=== Section Start ===

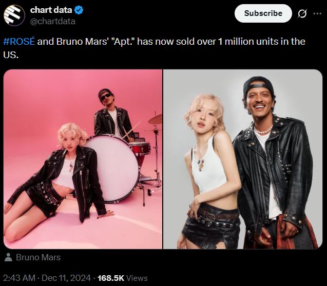 เพลง APT. ของ ROSÉ & Bruno Mars มียอดขายมากกว่า 1 ล้านยูนิต ในสหรัฐอเมริกา 🎉
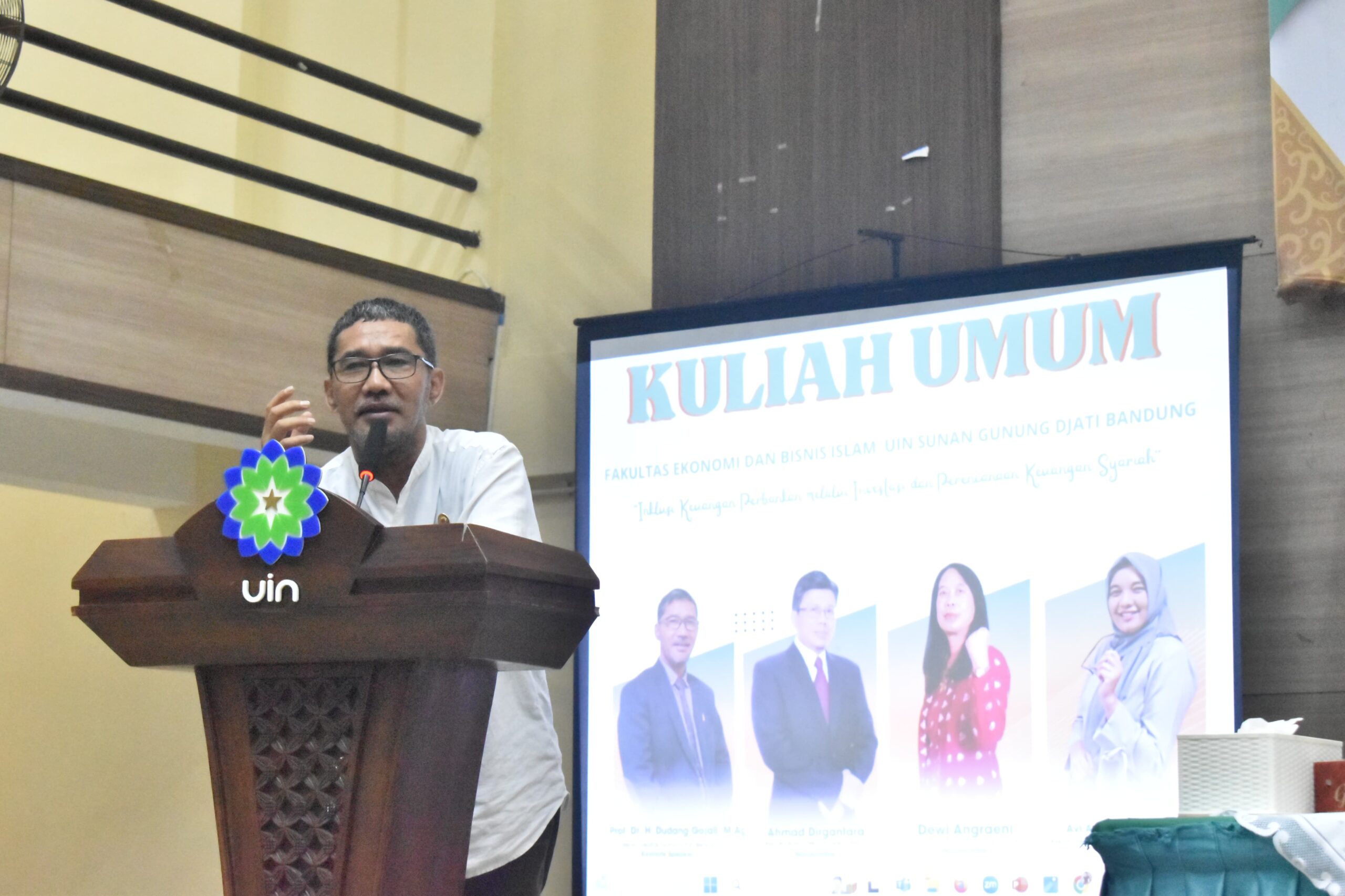 Wakil Dekan I FEBI UIN SGD Dr. Iwan Setiawan menyampaikan bahwa kuliah umum ini diikuti oleh 870 mahasiswa dari keempat jurusan yakni Akuntansi Syariah, Ekonomi Syariah, Manajemen, dan Manajemen Keuangan Syariah.
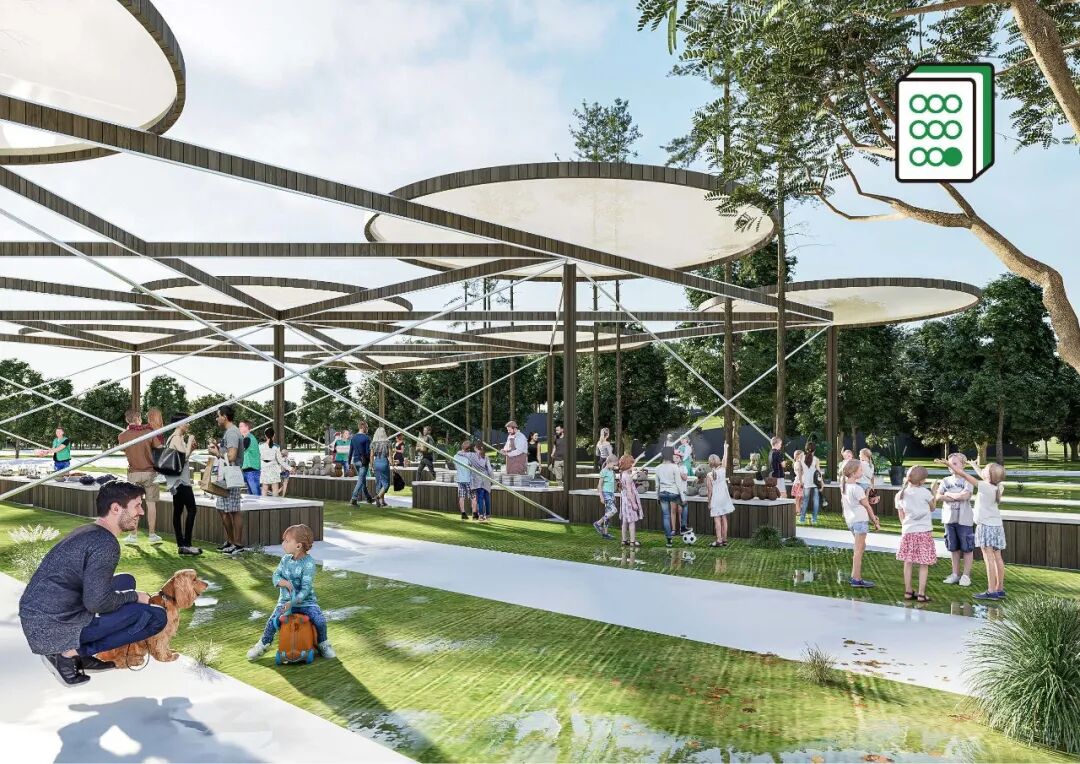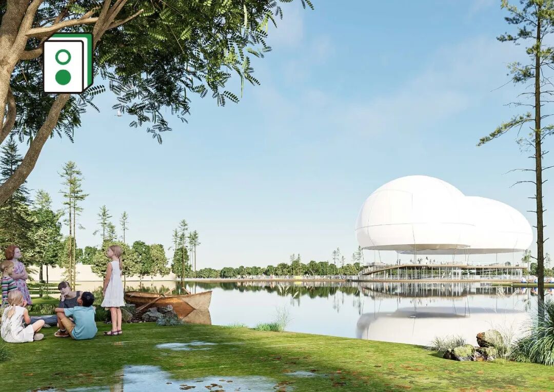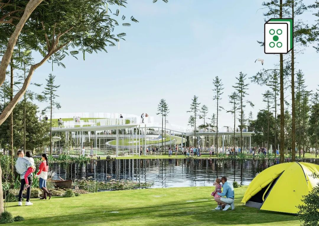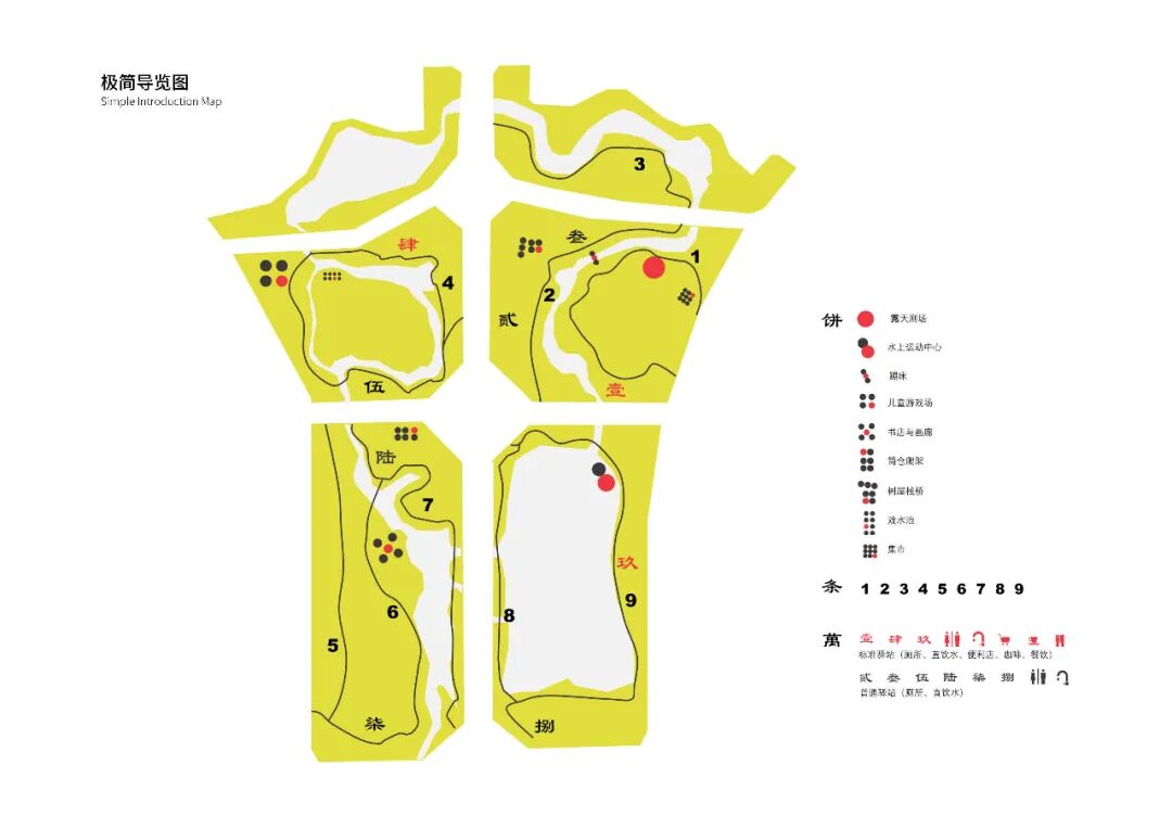 我们将经典的凯文林奇五要素和城市经典IP结合,重构了一套符合智能时代的认知系统。在蓉漂人才公园,高架道路塑造“边界”,大草坪大湖是清晰的“街区”,而麻将中的饼、万、条则用来定义原本模糊的“标识”、“节点”和“路径”。

=== Section End ===

- [Instructions for the task]:
Only the pictures are to be left out; the rest of the material above should be printed verbatim.

- [Solution to this task]:
 เพลง APT. ของ ROSÉ & Bruno Mars มียอดขายมากกว่า 1 ล้านยูนิต ในสหรัฐอเมริกา 🎉
 Wakil Dekan I FEBI UIN SGD Dr. Iwan Setiawan menyampaikan bahwa kuliah umum ini diikuti oleh 870 mahasiswa dari keempat jurusan yakni Akuntansi Syariah, Ekonomi Syariah, Manajemen, dan Manajemen Keuangan Syariah.
 我们将经典的凯文林奇五要素和城市经典IP结合,重构了一套符合智能时代的认知系统。在蓉漂人才公园,高架道路塑造“边界”,大草坪大湖是清晰的“街区”,而麻将中的饼、万、条则用来定义原本模糊的“标识”、“节点”和“路径”。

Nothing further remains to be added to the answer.